Despite his pretensions to philosemitism, Hagee’s interest in Israel was motivated exclusively by his belief in End Times theology, a doctrine that celebrates natural disaster, war, and global pandemics as harbingers of Christ’s imminent return. According to Hagee’s reading of the Book of Revelations, the lodestar of End Times theology, when Jesus returns to Jerusalem, the Jews must convert to evangelical Christianity or suffer eternal torment in “an everlasting lake of fire.” And liberals had better seek cover as well. “As soon as Jesus sits on his throne he’s gonna rule the world with a rod of iron,” the portly Hagee boomed in a December 2007 jeremiad. “That means he’s gonna make the ACLU do what he wants them to. That means you’re not gonna have to ask if you can pray in public school. We will live by the law of God and no other law.”
Hagee’s apocalyptics engulfed more than the ACLU. His vision of the Rapture extended to a Holy War between Israel and its Muslim neighbors. “The coming nuclear showdown with Iran is a certainty,” Hagee wrote in 2006 in the Pentecostal magazine Charisma. “Israel and America must confront Iran’s nuclear ability and willingness to destroy Israel with nuclear weapons. For Israel to wait is to risk committing national suicide.” Only through this catastrophic scenario could Hagee’s prophecies be realized.

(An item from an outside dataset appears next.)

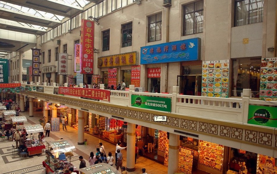 地道的风味茶汤,随着电视连续剧《龙嘴大茶壶》的播出,名噪四海,吸引了不少游客。看着祖传几代的马记茶汤师傅冲水时独特而优美的姿势,细品着热气腾腾的茶汤,真是一种地方文化的享受。来自鲁迅家乡的咸亨酒店,店堂布置讲究、文雅,悬挂的“太白遗风”匾额,配有“绍兴美酒名扬四海,古越烹调香飘九州”的对联,飘溢着浓厚的绍兴乡土气息,使你仿佛已闻到醇厚的酒香,尝到鱼嫩肉鲜的佳肴。上层则是一家家风味正宗、名声遐迩的饭庄。“得月楼”是苏州风味的饭庄,正宗的名菜“松鼠黄鱼”、“得月鸡”……其烹饪手艺的高超,味道的醇正,真可与苏州观前街的名厨高手相媲美。隔壁的“华林酒家”,是山东风味的酒楼,不但菜做得好,服务也极为热情。天津食品的“三绝”—狗不理包子、耳朵眼炸糕和大麻花,始终是本地和外地游客竞买的热门货,往往要排起长长的队伍。此外,天津崩豆张、果仁张、小宝栗子的食品也很有特色,他们炸、崩、烤的各种干果仁、豆类,不仅香口,而且还可以治病,具有降血压、降胆固醇等多种功能。

In July 2007, I covered Christians United for Israel’s “Washington-Israel” Summit. Staged inside the cavernous halls of Washington, DC’s Convention Center, the event was more than a political rally—it was a gigantic vaudeville of doom, despair, and destruction. Speakers from Newt Gingrich to former Israeli Ambassador Dore Gold stoked the anxieties of the nearly three thousand attendees with graphic descriptions of Iran’s fearsome Shihab missile, warning that it could strike as far as Israel, into the heart of Europe, and beyond. After the Cornerstone Church chorus belted out a saccharine rendition of the Zionist folk anthem “Jerusalem, City of Gold,” and evangelical crowd members, many clad in kippas and tallis, blew supersized shofars and danced in the aisles, Hagee waddled to the rostrum.